Wavefront::Alert.new(c.creds).everything.each_with_index do |m, i|
  puts "#{i} #{m.id}"
end

Retrieve a timeseries over the last 10 minutes, with one minute bucket granularity. We will describe the time as a Ruby object, but could also use an epoch timestamp. The SDK happily converts between the two.

require 'wavefront-sdk/query'

Wavefront::Query.new(CREDS).query(
  'ts("prod.www.host.tenant.physicalmem.usage")',
  :m,
  (Time.now - 600)
)

We can write points too. The Write class lets you send points to a proxy, and the Report class sends them directly via the API. Unlike all other classes, Write requires the proxy address and port as its credential hash. Report has the same methods and works in the same way, but uses the same credentials as all the other classes.

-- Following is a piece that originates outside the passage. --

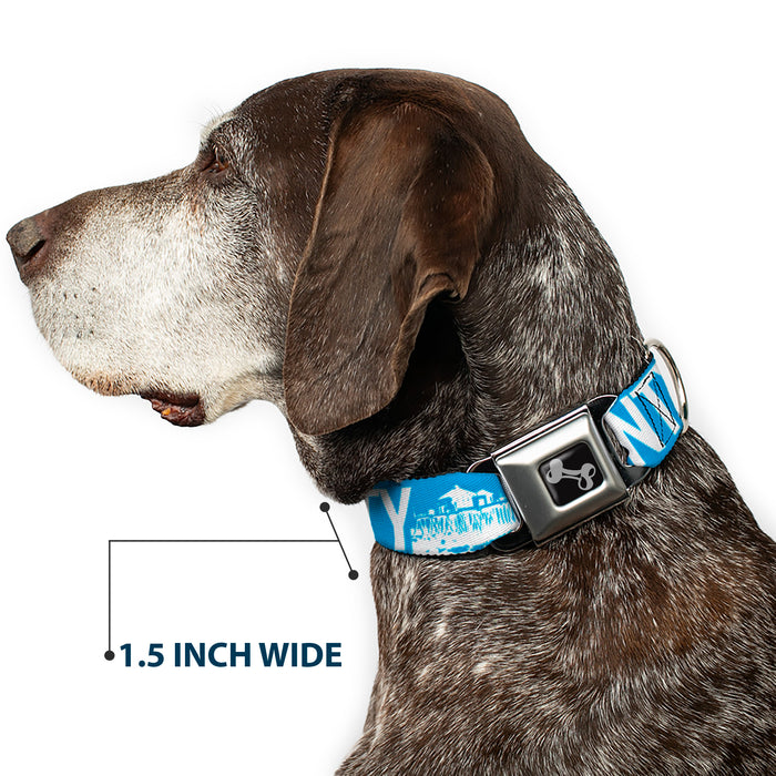Dog Bone Seatbelt Buckle Collar - ORANGE COUNTY/Pier Scene Blue/White

require 'wavefront-sdk/write'

W_CREDS = { proxy: 'wavefront.localnet', port: 2878 }

wf = Wavefront::Write.new(W_CREDS, debug: true)

task = wf.write( [{ path: 'dev.test.sdk', value: 10 }])

p task.response
#{"sent"=>1, "rejected"=>0, "unsent"=>0}
puts task.status.result
#OK

You can send delta metrics either by manually prefixing your metric path with a delta symbol, or by using the write_delta() method

The SDK also provides a helper class for extracting credentials from a configuration file. If you don't supply a file, defaults will be used. You can even override things with environment variables.

require 'wavefront-sdk/credentials'

c = Wavefront::Credentials.new

# Now use that to list the proxies in our account

require 'wavefront-sdk/proxy'

p Wavefront::Proxy.new(c.creds).list

# It works for proxies too:

wf = Wavefront::Write.new(c.proxy)

Contributing

Fork it, fix it, send me a PR. Please supply tests, and try to keep Rubocop happy.